- [WHAT TO DO] The answer must consist solely of the lines below starting at the one containing "利用壓縮機倒罐,可將兩儲罐液" and ending at the one containing "Create colorful moments", repeated exactly, with both ends included and all pictures omitted.

[Items from a dataset]
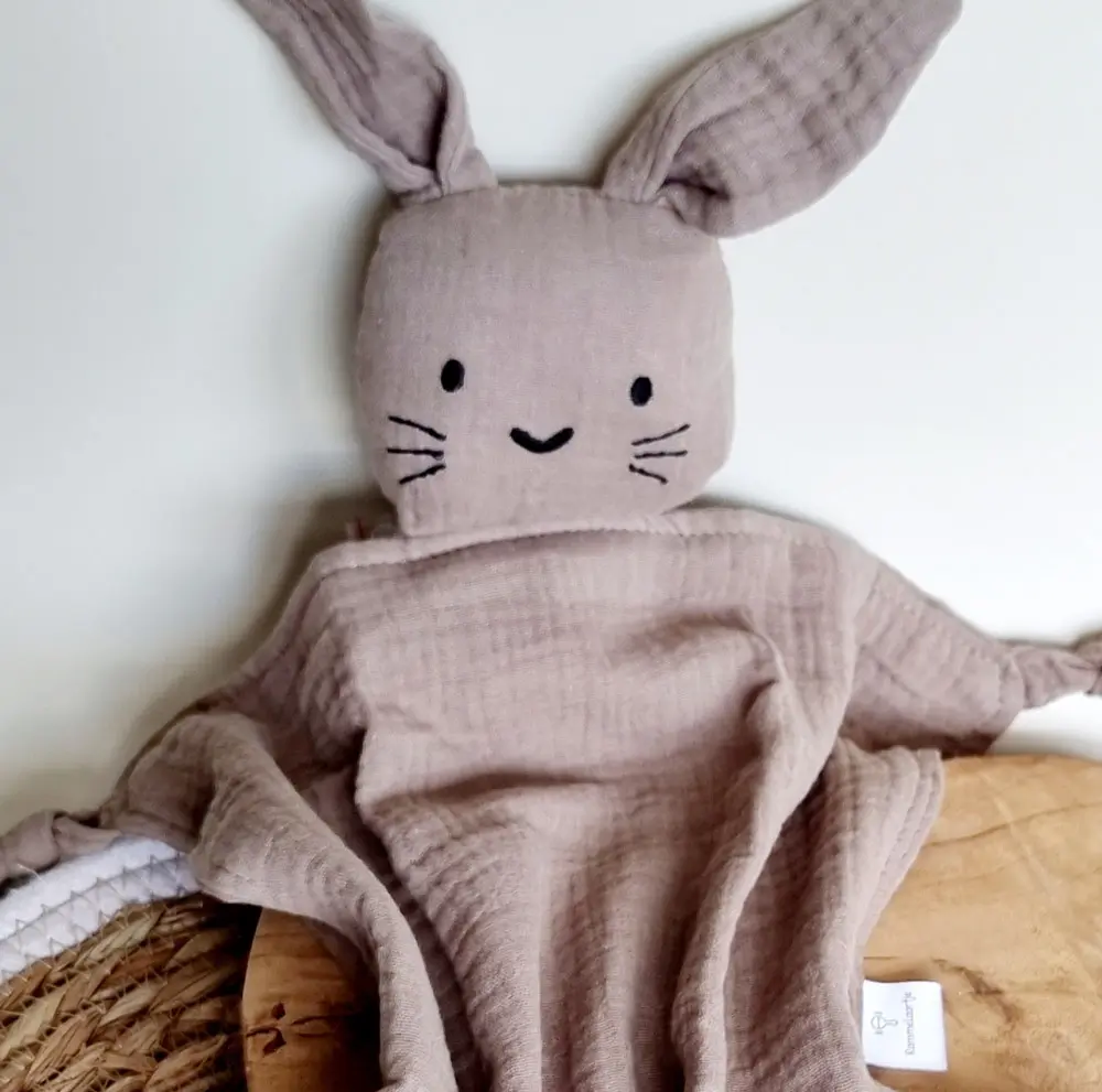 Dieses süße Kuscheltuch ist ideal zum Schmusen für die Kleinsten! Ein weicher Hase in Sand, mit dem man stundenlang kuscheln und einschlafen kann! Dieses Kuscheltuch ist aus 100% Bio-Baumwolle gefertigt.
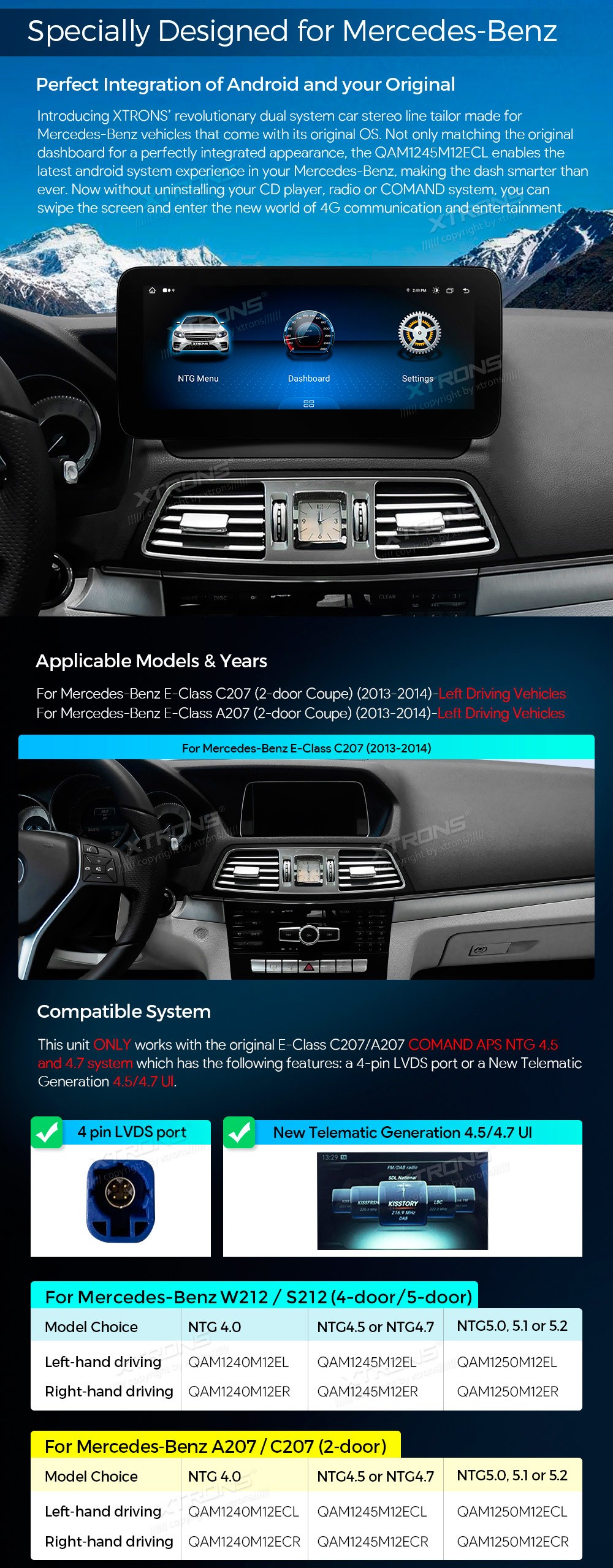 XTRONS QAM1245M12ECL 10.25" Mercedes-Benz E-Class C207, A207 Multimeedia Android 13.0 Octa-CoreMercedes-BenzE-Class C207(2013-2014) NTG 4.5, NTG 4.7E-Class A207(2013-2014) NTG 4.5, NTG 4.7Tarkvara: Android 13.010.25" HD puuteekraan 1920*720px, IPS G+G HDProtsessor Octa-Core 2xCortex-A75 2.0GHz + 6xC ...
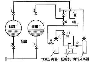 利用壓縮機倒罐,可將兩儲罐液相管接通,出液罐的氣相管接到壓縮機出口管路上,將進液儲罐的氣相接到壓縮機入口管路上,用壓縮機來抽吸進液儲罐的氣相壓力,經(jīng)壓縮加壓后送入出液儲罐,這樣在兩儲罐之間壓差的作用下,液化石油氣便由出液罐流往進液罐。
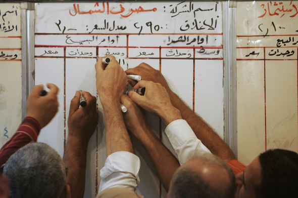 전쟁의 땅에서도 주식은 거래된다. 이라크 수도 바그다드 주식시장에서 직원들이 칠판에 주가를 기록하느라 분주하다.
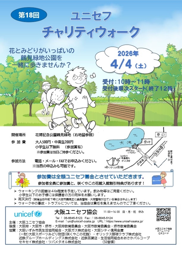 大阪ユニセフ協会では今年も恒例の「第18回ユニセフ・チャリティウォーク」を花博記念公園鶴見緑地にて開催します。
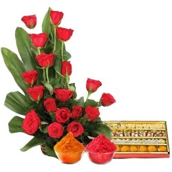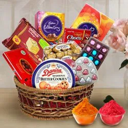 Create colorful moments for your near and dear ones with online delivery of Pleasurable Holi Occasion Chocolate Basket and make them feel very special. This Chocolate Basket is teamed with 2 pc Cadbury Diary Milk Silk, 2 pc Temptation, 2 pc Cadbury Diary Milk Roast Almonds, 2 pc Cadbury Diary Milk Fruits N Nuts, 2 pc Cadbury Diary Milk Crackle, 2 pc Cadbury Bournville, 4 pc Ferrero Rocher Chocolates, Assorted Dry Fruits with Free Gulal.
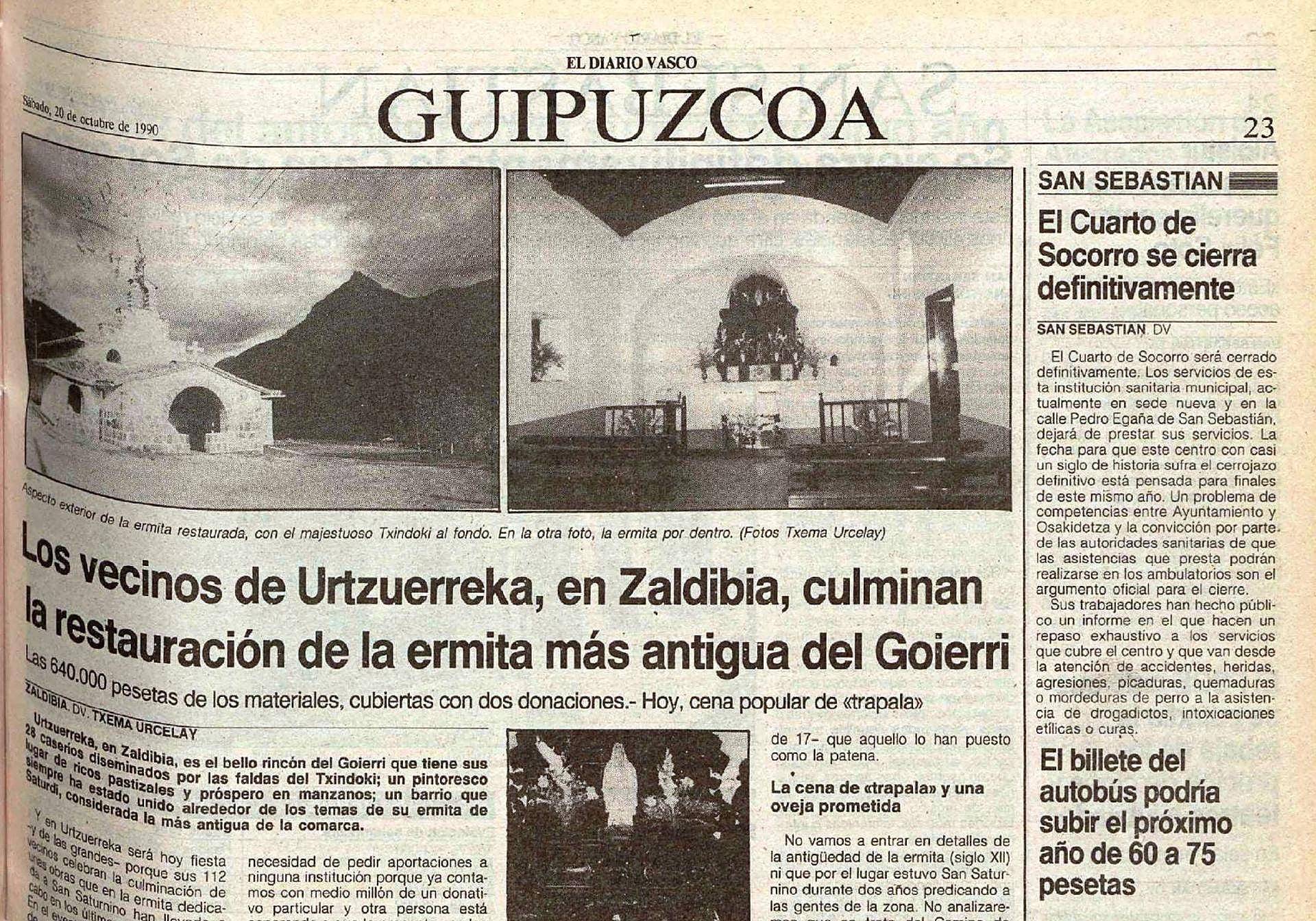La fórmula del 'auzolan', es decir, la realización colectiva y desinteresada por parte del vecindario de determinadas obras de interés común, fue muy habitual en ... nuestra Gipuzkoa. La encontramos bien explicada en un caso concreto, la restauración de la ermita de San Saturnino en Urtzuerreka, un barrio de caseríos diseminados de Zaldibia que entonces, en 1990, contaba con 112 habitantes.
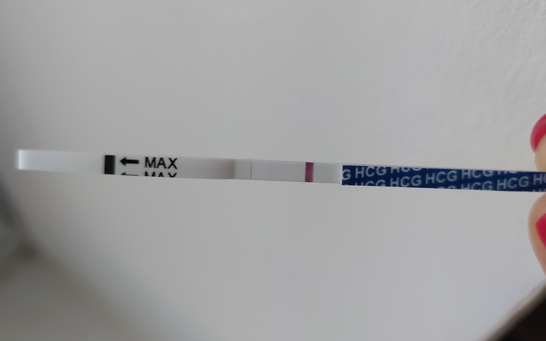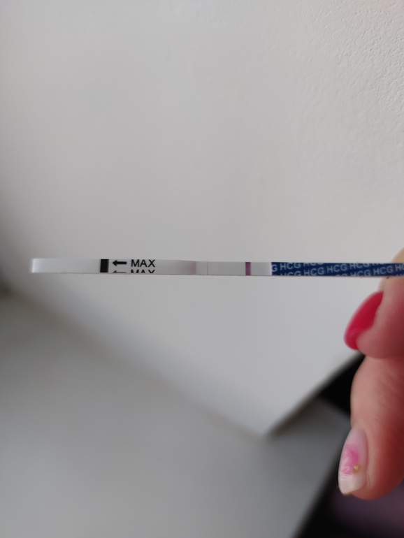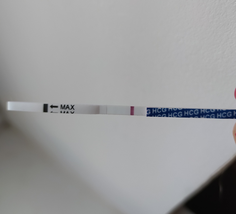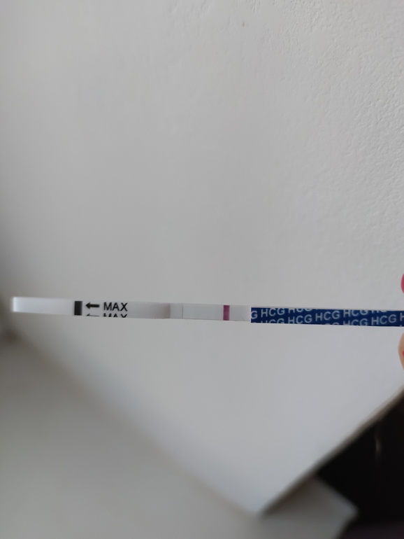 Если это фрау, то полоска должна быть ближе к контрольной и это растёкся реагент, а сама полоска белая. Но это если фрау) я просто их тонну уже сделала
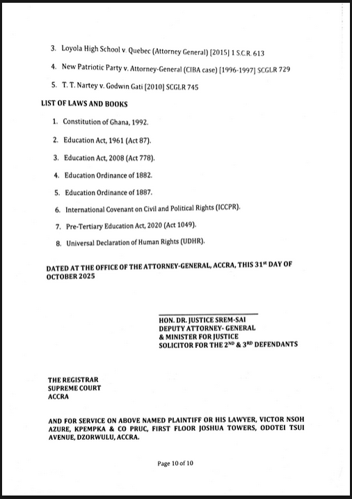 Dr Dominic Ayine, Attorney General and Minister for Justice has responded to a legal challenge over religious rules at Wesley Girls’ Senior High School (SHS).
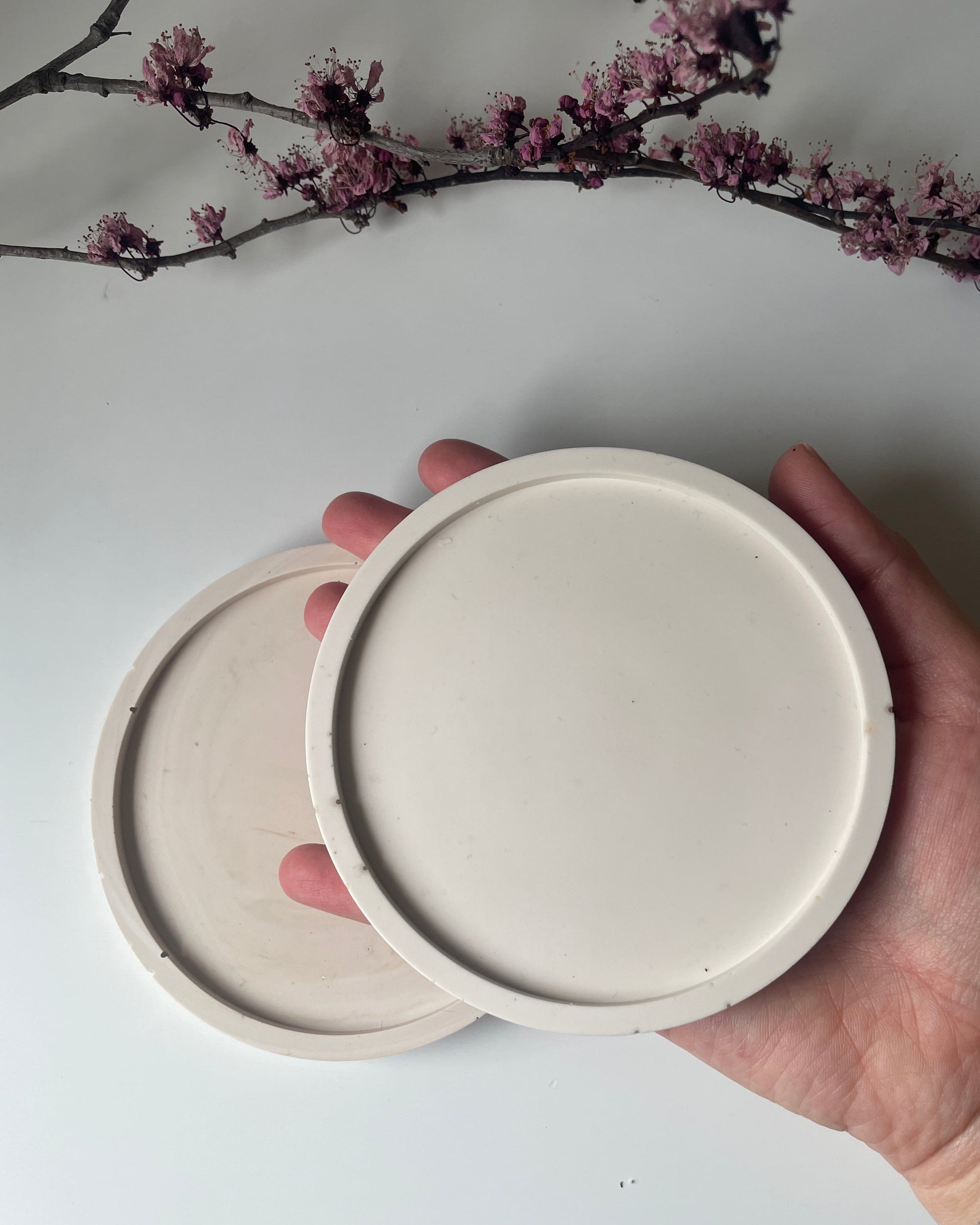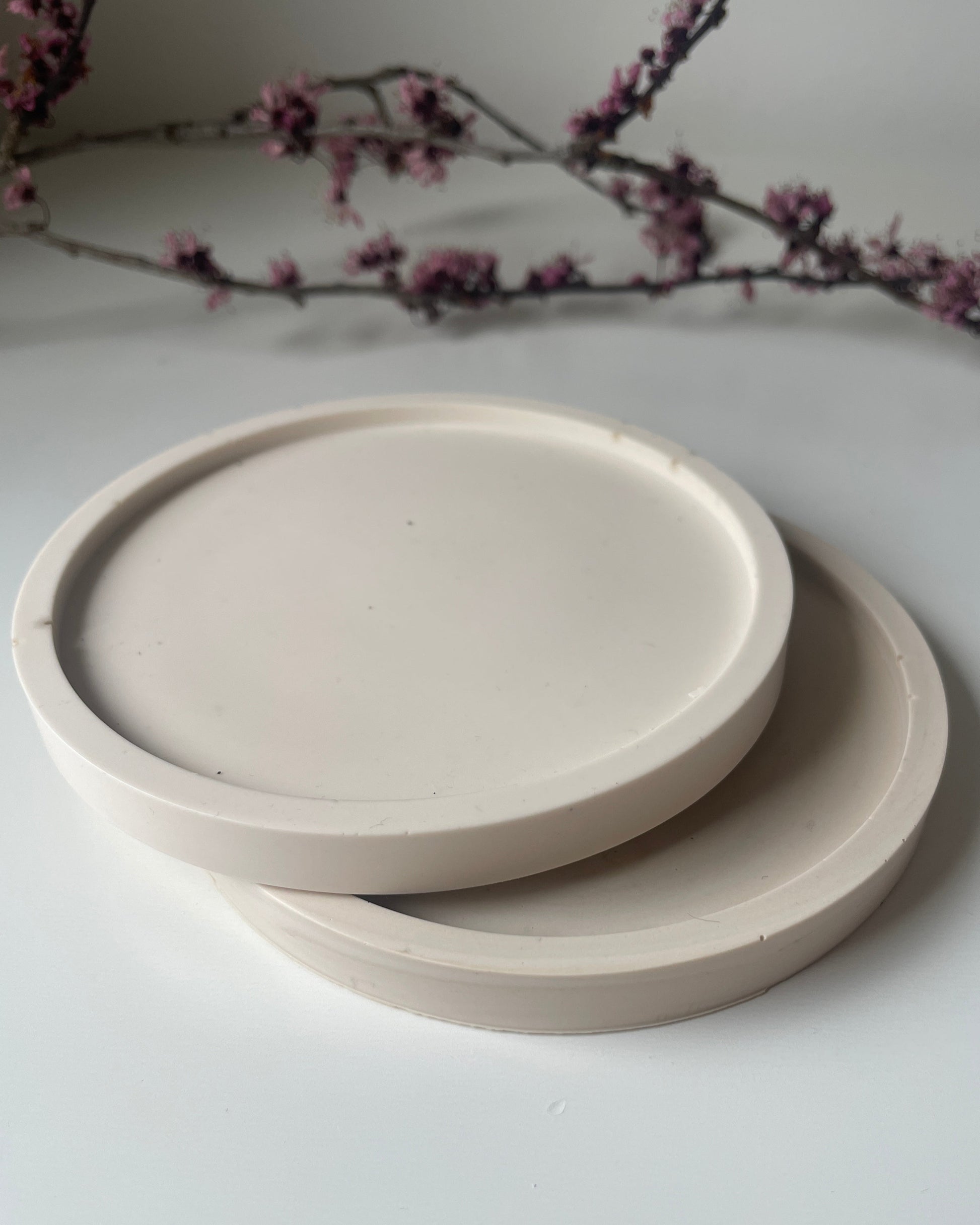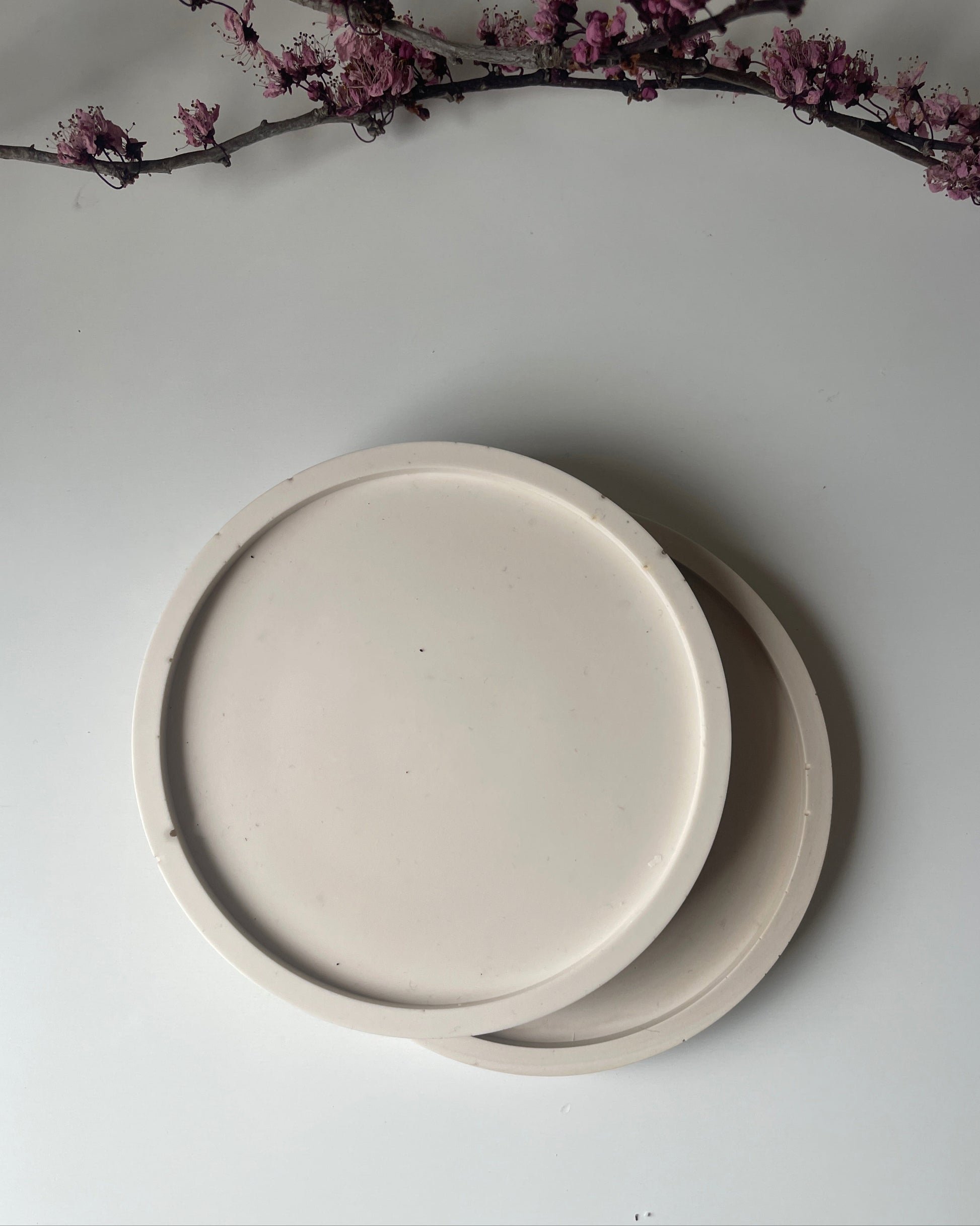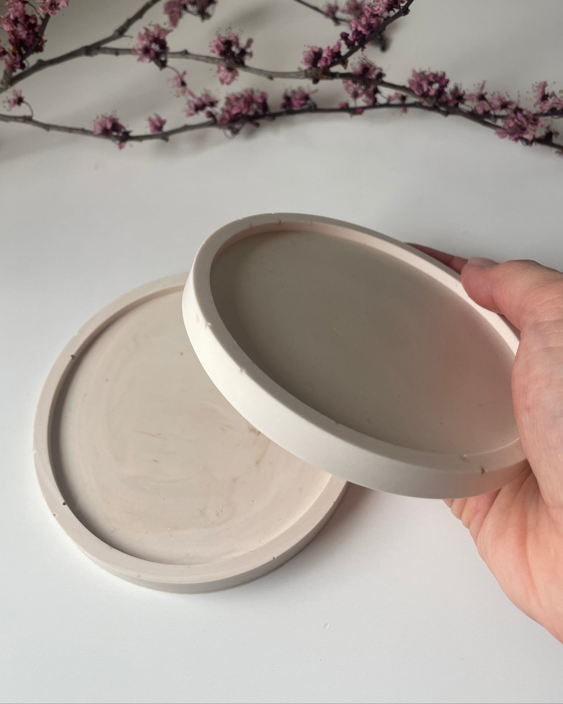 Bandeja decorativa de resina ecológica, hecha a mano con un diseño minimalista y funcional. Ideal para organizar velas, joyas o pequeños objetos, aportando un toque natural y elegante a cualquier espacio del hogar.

- [ANSWER BOX]
 利用壓縮機倒罐,可將兩儲罐液相管接通,出液罐的氣相管接到壓縮機出口管路上,將進液儲罐的氣相接到壓縮機入口管路上,用壓縮機來抽吸進液儲罐的氣相壓力,經(jīng)壓縮加壓后送入出液儲罐,這樣在兩儲罐之間壓差的作用下,液化石油氣便由出液罐流往進液罐。
 전쟁의 땅에서도 주식은 거래된다. 이라크 수도 바그다드 주식시장에서 직원들이 칠판에 주가를 기록하느라 분주하다.
 大阪ユニセフ協会では今年も恒例の「第18回ユニセフ・チャリティウォーク」を花博記念公園鶴見緑地にて開催します。
 Create colorful moments for your near and dear ones with online delivery of Pleasurable Holi Occasion Chocolate Basket and make them feel very special. This Chocolate Basket is teamed with 2 pc Cadbury Diary Milk Silk, 2 pc Temptation, 2 pc Cadbury Diary Milk Roast Almonds, 2 pc Cadbury Diary Milk Fruits N Nuts, 2 pc Cadbury Diary Milk Crackle, 2 pc Cadbury Bournville, 4 pc Ferrero Rocher Chocolates, Assorted Dry Fruits with Free Gulal.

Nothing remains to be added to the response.